# Oh so close!!!



## PDDMI (Oct 25, 2015)

This was such a close call with the Polar Express and he almost paid “deerly”...for it...

http://www.mlive.com/news/us-world/index.ssf/2017/11/polar_express_deer.html#incart_river_home


----------



## seayakbill (Jan 16, 2016)

PDDMI said:


> This was such a close call with the Polar Express and he almost paid “deerly”...for it...
> 
> http://www.mlive.com/news/us-world/index.ssf/2017/11/polar_express_deer.html#incart_river_home


WOW, one lucky deer, that would have been messy.

Bill


----------



## Spence (Oct 15, 2015)

Would have been venison for Thanksgiving instead of turkey.


----------



## Guest (Nov 26, 2017)

The last thing the kids on board needed to see was a deer that didn't make it. Close call, but happy ending.


----------



## tjcruiser (Jan 10, 2010)

Yikes! I guess deer have 9 lives, too!


----------



## DennyM (Jan 3, 2016)

That could have been messy.


----------



## Big Jim (Nov 17, 2015)

Being on a straight line like that, I doubt that anyone on the train would have seen anything.


----------



## DennyM (Jan 3, 2016)

I have a friend who's dad was a engineer. He could tell when his father hit a animal because he was sad when he came home. If he hit a person he would be angry because they were too stupid to get out of the way.


----------



## Krieglok (Sep 7, 2013)

DennyM said:


> I have a friend who's dad was a engineer. He could tell when his father hit a animal because he was sad when he came home. If he hit a person he would be angry because they were too stupid to get out of the way.

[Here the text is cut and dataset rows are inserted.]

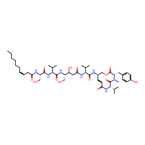 | SMILES | CCCCCC/C=C\CC(=O)N[C@@H](CO)C(=O)N[C@@H](C(C)C)C(=O)N[C@@H](CO)[C@H](CC(=O)N[C@@H](C(C)C)C(=O)N[C@H]1COC(=O)[C@@H](N(C(=O)[C@@H](NC(=O)C=C1)C(C)C)C)CC2=CC=C(C=C2)O)O |
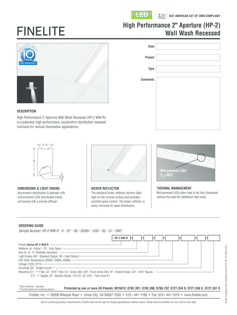 BUY AMERICAN ACT OF 2009 COMPLIANT High Performance 2 Aperture (HP2) Wall Wash Recessed FINITE Date Project Type Comments DESCRIPTION High Performance 2 Aperture Wall Wash Recessed (HP2 WAR) is a
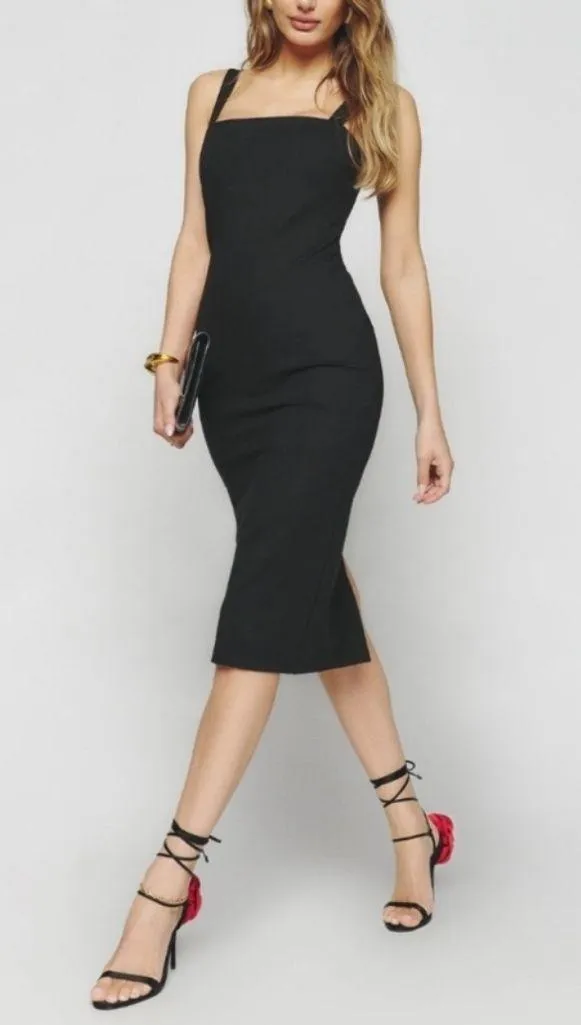 Reformation Women’s Ozzlie Black Square Neck Back Slit Black Sheath Midi Dress Size 0 Good to fair... Show more
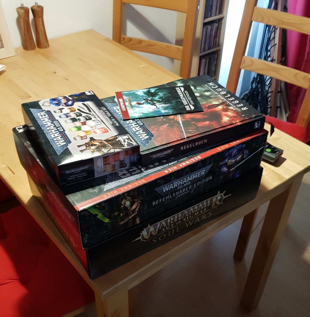 Ich habe mich jetzt dazu entschieden mit dem Tabletop von Games Workshop anzufangen, denn das Thema hat mich einfch zu sehr gereizt. Und nun sind auch die beiden Spiele bei mir eingetroffen. Dazu noch etwas Farbe und das umfangreiche handbuch für Warhammer 40k, da in der Box nur eine abgespeckte Variante ist, ganz im gegen teil zur Box von Age of Sigmar. Dafür gibt es bei 40k gleich noch Geländeteile mit dazu und ein Schlachtfeldbrett. Das bedeutet nun, dass ich jetzt einiges zu tun habe, schließlich wollen die Figuren für beide Spiele zusammengebaut und anschließend auch noch bemalt werden. Bei Age of Sigmar ist das mit dem bemalen nicht das Ding, da beide Fraktionen feststehen. Bei 40k sind aber Space Marines enthalten, und da gilt es sich für einen Orden zu entscheiden. Denn jeder Orden spielt sich anders, und die Ultramariens die ja quasi empfohlen werden sind mir doch etwas zu langweilig. Ich habe mich schon etwas eingelesen und habe die Auswahl jetzt auf zwei Orden eingegrenzt. Aber noch kann ich mir ja Gedanken machen, denn gestern habe ich erst einmal angefangen das grundbuch zu Age of Sigmar zu lesen und die Hintergrundgeschichte zu dieser Welt in Erfahrung gebracht. Bis zu den regeln ist es aber noch etwas denn das Grundbuch hat 320 Seiten. Und anschließend geht es dann mit ebensovielen Seiten zu 40k weiter. Die Regelbücher mit ihren tollen Hintergrundgeschichten sind wirklich sehr schön, vor allem weil man auch viele Beispiele für die Bemalung usw bekommt. Aber dazu werde ich dann entsprechend noch seperat drüber berichten. Die Hintergrundgeschichte von Age of Sigmar ist jedenfalls soweit ich sie bisher gelesen habe wirklich spannend und es macht Spaß in diese Welt zu tauchen. Ich denke am Wochenende werde ich mal damit anfangen die ersten Modelle zusammenzubauen und bis dahin natürlich auch noch weiter lesen.
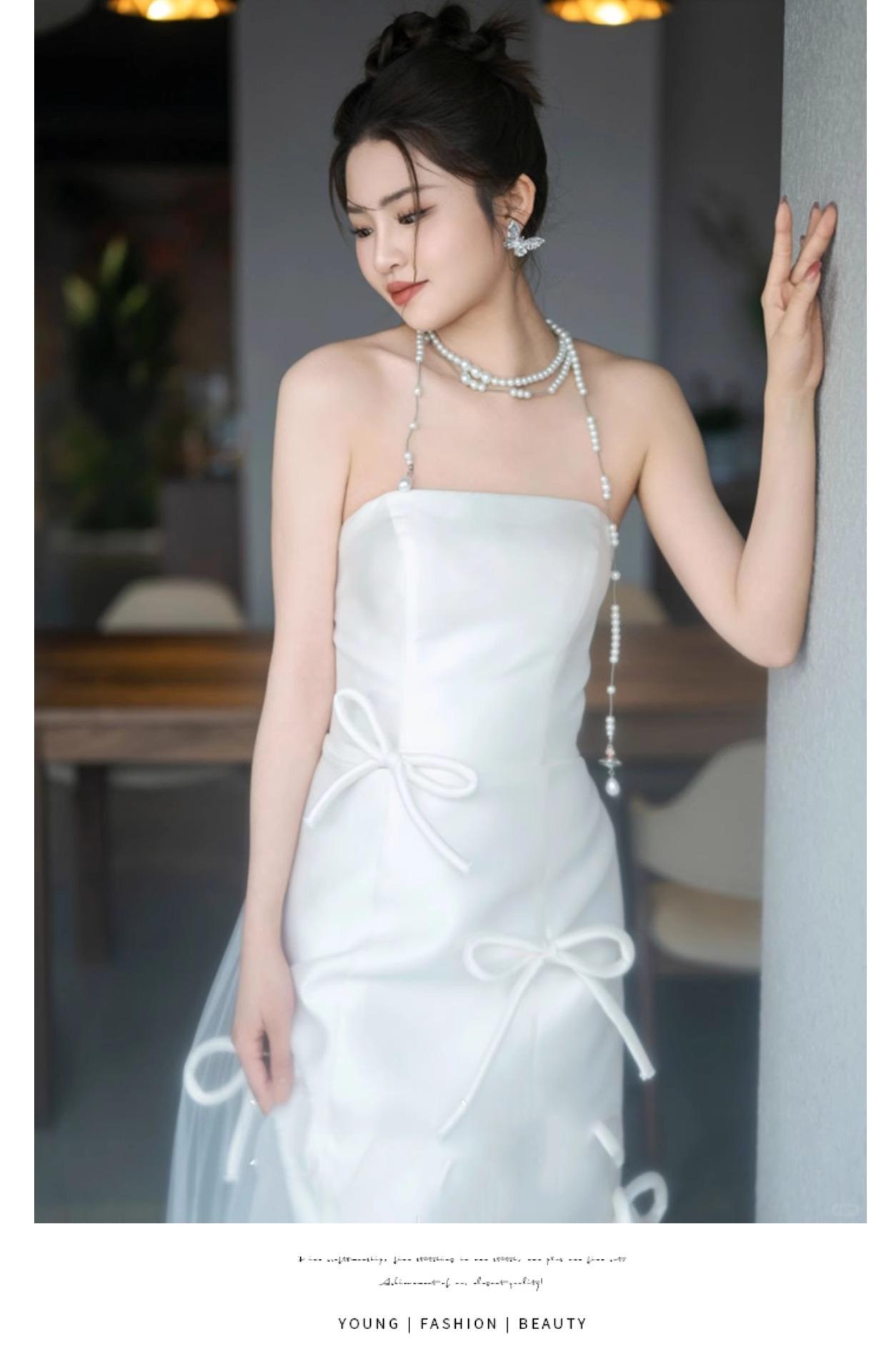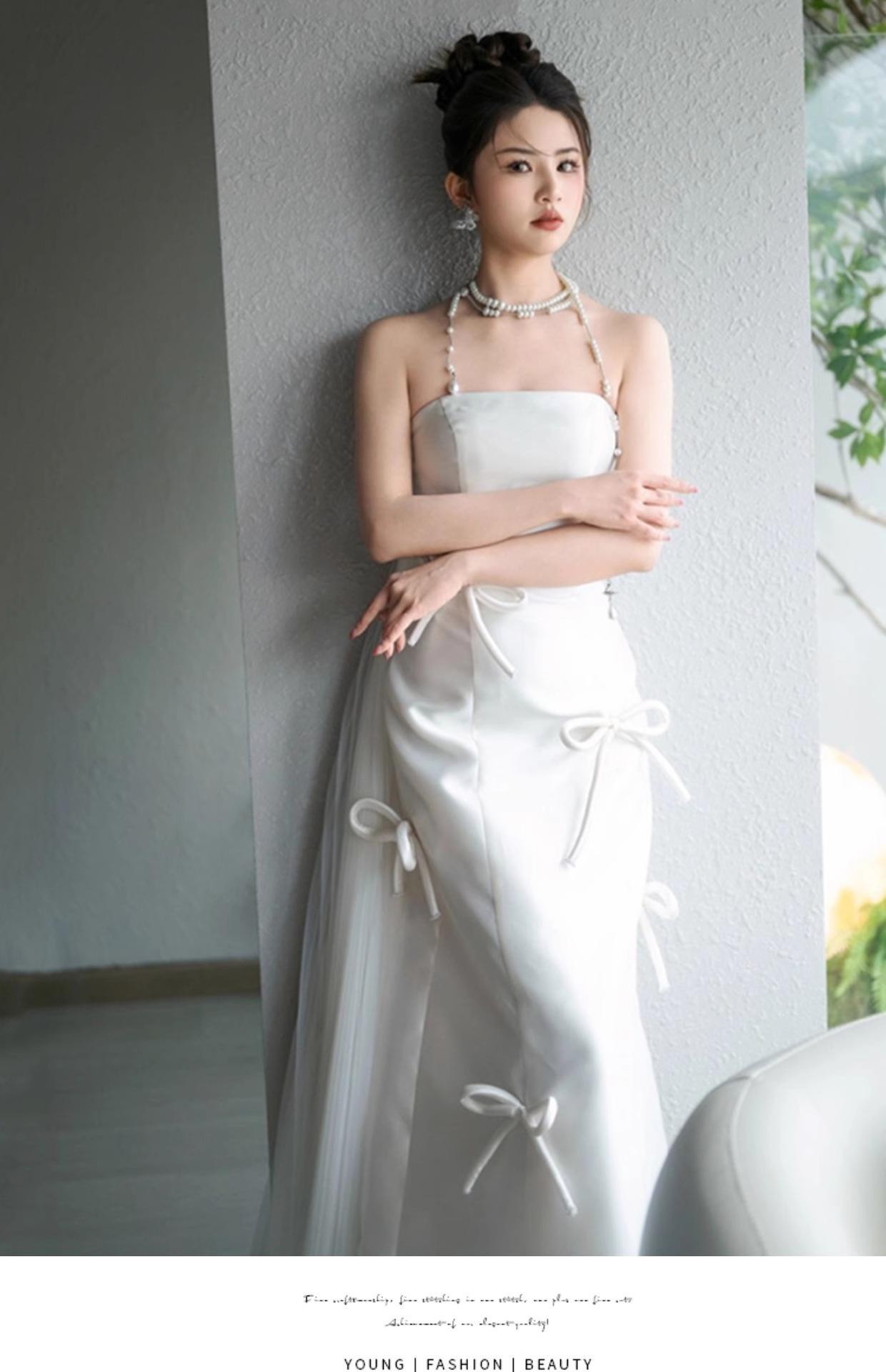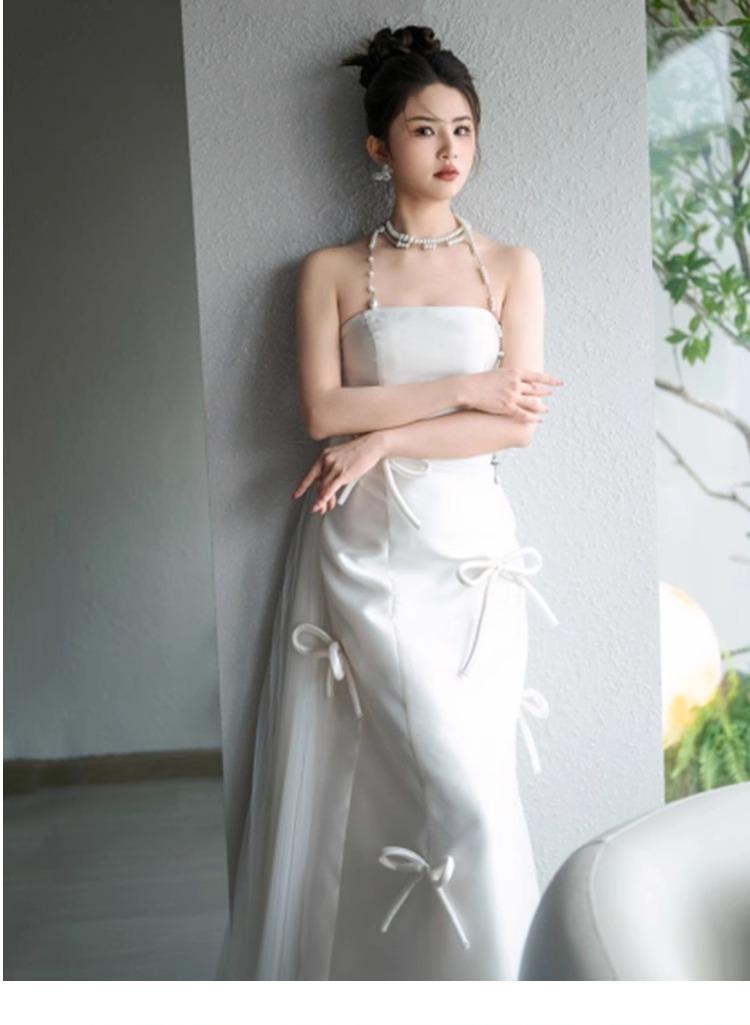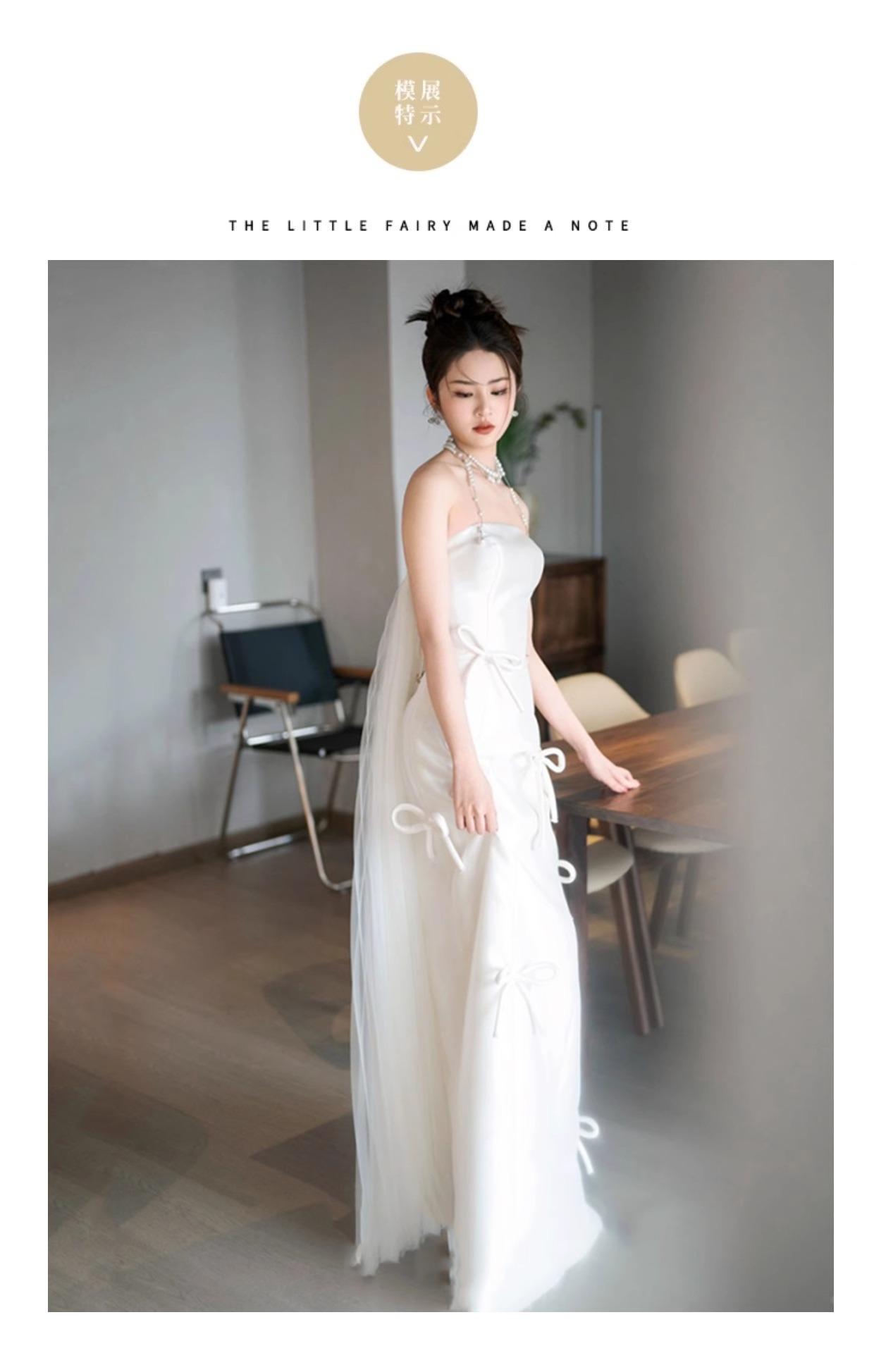 Vestido de Novia Ligero de Satén Francés Novia Sencillo Elegante Strapless Vestido Cola de Pez Blanco Vestido con Lazo para Petite

You pretty much hit the mark with that comment. When I hit an animal, I feel bad and I hope for a quick kill. I have two human trespasser fatalities and I didn't feel bad for them, as bad as it may sound. They did it to themselves as conscious decisions. Unless it is a child, suicide or someone who doesn't know better, there is an absence of grief.

The other thing to consider about the video is the possibility of the animal being struck and being thrown into the photographers. When we strike deer, there is usually a 50-50 chance of them ending up under the wheels or being tossed down the right of way with tremendous force. There is rarely a "splatter" situation...

We have many more close calls than actual strikes...thank God.

Sorry if this post is too descriptive. Administrator, please delete if you find this inappropriate.

Tom


----------



## Rip Track (Dec 15, 2012)

I heard a report this morning that 106 reindeer where killed by trains in Norway, over a span of 4 days. Apparently a communications break down prevented the engineers from receiving warnings about the herds, and travel at slower speeds.


----------